What the task asks — Only the lines containing the string "these" are needed; copy all of them from the listing.

Task input —
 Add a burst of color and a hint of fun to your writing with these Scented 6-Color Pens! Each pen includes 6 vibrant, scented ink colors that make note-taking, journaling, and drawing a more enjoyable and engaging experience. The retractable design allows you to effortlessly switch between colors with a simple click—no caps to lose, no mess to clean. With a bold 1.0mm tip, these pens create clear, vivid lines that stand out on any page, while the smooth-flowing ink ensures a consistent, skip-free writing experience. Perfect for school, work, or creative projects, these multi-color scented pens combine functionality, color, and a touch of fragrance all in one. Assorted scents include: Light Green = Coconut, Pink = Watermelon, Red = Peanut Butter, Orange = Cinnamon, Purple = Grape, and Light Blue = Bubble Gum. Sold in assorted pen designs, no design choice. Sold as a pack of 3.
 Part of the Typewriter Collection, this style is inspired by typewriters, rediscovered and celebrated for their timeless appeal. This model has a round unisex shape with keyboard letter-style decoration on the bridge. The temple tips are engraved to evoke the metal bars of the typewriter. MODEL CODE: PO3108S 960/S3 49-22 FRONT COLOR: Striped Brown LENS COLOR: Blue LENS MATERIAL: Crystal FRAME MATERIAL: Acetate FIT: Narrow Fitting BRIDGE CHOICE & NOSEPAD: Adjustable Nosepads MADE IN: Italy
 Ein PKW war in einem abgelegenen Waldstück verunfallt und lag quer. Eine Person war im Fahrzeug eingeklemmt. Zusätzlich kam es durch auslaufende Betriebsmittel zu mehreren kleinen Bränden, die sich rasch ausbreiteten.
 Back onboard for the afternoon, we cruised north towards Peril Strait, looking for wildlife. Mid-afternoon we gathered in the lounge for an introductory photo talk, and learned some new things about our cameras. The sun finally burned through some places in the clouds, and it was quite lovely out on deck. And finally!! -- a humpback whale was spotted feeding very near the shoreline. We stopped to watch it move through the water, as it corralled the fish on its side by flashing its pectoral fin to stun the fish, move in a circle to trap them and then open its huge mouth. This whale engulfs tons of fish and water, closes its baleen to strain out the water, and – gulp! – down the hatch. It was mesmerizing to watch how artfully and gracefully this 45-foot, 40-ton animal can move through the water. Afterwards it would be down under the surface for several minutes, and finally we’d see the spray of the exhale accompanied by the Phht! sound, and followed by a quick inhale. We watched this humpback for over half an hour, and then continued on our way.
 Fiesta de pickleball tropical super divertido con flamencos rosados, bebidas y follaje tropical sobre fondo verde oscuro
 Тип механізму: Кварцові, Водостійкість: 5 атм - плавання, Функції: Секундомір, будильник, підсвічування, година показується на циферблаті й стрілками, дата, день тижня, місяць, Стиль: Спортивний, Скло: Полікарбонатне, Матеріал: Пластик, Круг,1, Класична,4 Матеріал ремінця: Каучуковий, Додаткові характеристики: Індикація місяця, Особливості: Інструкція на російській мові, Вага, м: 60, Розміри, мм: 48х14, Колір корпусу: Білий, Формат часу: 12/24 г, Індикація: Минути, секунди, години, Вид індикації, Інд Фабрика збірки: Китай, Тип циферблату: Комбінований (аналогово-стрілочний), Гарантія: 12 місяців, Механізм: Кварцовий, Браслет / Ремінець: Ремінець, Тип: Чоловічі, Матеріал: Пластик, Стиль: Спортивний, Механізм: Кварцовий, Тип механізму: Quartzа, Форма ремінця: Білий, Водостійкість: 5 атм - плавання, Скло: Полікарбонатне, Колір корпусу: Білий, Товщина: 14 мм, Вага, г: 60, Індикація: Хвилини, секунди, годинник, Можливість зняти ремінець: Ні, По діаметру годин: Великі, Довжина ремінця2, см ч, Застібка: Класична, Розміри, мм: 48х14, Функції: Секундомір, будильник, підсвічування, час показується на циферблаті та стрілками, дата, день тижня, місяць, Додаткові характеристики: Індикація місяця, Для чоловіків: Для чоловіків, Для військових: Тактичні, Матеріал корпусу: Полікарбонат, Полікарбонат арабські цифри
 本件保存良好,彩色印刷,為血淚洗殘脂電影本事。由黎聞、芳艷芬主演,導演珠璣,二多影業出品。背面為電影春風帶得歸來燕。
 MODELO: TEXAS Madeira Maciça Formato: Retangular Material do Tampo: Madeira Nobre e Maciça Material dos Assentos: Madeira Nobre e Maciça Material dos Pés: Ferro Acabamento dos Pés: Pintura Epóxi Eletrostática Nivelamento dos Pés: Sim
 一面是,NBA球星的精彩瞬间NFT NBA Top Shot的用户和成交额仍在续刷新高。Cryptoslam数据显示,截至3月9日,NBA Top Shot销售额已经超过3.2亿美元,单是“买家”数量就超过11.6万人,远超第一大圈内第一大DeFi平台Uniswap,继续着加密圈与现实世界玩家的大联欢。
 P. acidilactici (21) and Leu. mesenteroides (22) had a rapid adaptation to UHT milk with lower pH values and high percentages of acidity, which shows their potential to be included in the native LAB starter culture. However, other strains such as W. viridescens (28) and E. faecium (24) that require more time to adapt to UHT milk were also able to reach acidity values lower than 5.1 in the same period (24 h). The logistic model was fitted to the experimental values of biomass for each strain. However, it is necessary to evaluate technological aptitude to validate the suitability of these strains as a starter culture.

Answer to this exercise —
 Add a burst of color and a hint of fun to your writing with these Scented 6-Color Pens! Each pen includes 6 vibrant, scented ink colors that make note-taking, journaling, and drawing a more enjoyable and engaging experience. The retractable design allows you to effortlessly switch between colors with a simple click—no caps to lose, no mess to clean. With a bold 1.0mm tip, these pens create clear, vivid lines that stand out on any page, while the smooth-flowing ink ensures a consistent, skip-free writing experience. Perfect for school, work, or creative projects, these multi-color scented pens combine functionality, color, and a touch of fragrance all in one. Assorted scents include: Light Green = Coconut, Pink = Watermelon, Red = Peanut Butter, Orange = Cinnamon, Purple = Grape, and Light Blue = Bubble Gum. Sold in assorted pen designs, no design choice. Sold as a pack of 3.
 P. acidilactici (21) and Leu. mesenteroides (22) had a rapid adaptation to UHT milk with lower pH values and high percentages of acidity, which shows their potential to be included in the native LAB starter culture. However, other strains such as W. viridescens (28) and E. faecium (24) that require more time to adapt to UHT milk were also able to reach acidity values lower than 5.1 in the same period (24 h). The logistic model was fitted to the experimental values of biomass for each strain. However, it is necessary to evaluate technological aptitude to validate the suitability of these strains as a starter culture.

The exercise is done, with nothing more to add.